On 14 Mar 2014, at 15:43 , Marc Young <[email protected]> wrote:

> I'm not sure about ephemeral, S3 was attractive, although I've read that the 
> overhead/performance degredations are not worth it. As for encryption, it's a 
> must, our BAA requires HIPAA compliance, so data must be encrypted during 
> transmission and at rest.
> 
> 
> On Fri, Mar 14, 2014 at 5:29 PM, Michael Blakeley <[email protected]> wrote:
> I've done a fair amount of work with AWS, including failover, but none with 
> disk encryption.
> 
> As I see it the main scenario in which to guard against host (EC2 instance) 

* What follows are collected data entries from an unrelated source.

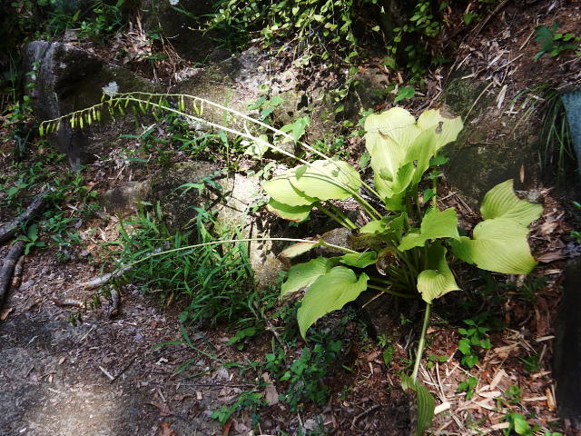オオバギボウシ 石垣に生えた大株(8月中旬)
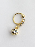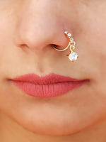 This gold-tone nose ring is adorned with sparkling CZs, adding a touch of glamour to your look. The adjustable, open-ended design eliminates the need for piercing, making it easy to wear. The size is 10mm or 1/2", with a length of 15mm or 1/2". Crafted from high-grade alloy metal, this nose ring combines style and comfort effortlessly. Elevate your style with this chic and versatile accessory.
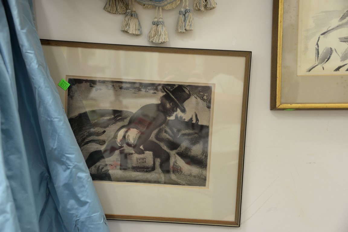 Group of eleven lithographs, etchings, and drawings including Lily Ente, Tree etching by Sheila, 2 Woman in a Chair signed illegibly, Man with Case initialed S.B. 1928, House in the woods signed illegibly, and five watercolor and pencil sketches. 8 1/2 x 10 to 24 3/4 x 18 3/4
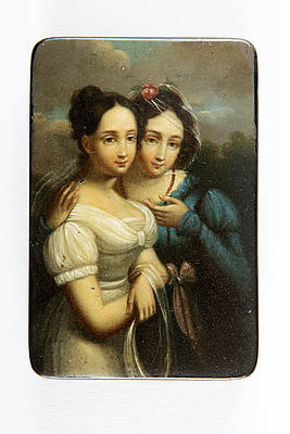 Rechteckige Dose mit zwei Freundinnen in Biedermeierkleidern, von denen die eine, die einen Schleier mit Rose im Haar trägt, ihre Freundin im Brautkleid dem Bräutigam präsentiert. "Ja, das ist sie!" Im Hintergrund Bäume und Wolkenhimmel.
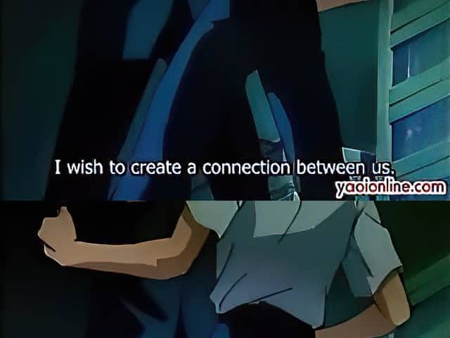 Two hentai guys having hot night kiss

> failure is when using ephemeral storage. That can be attractive sometimes, 
> and in that case forests should be replicated within a cluster of at least 
> three hosts. In some cases each forest might have two replicas, each on a 
> different instance.
> 
> With EBS there's less of a case for guarding against host failure. It's 
> fairly straightforward to replace a failed instance without losing the 
> volumes, and the MarkLogic CloudFormation templates should make it automatic.
> 
> Guarding against host and disk failure is mostly about high availability. If 
> disaster recovery is also important, consider database replication to a 
> different cluster in a different AWS data center - or off AWS, to another 
> cloud provider or to private hardware. In the past, AWS outages have 
> sometimes affected infrastructure that is shared between multiple data 
> centers.
> 
> If data security is a concern, I would prioritize ordinary hygiene: firewall 
> configuration, cluster communications, and communication with users. 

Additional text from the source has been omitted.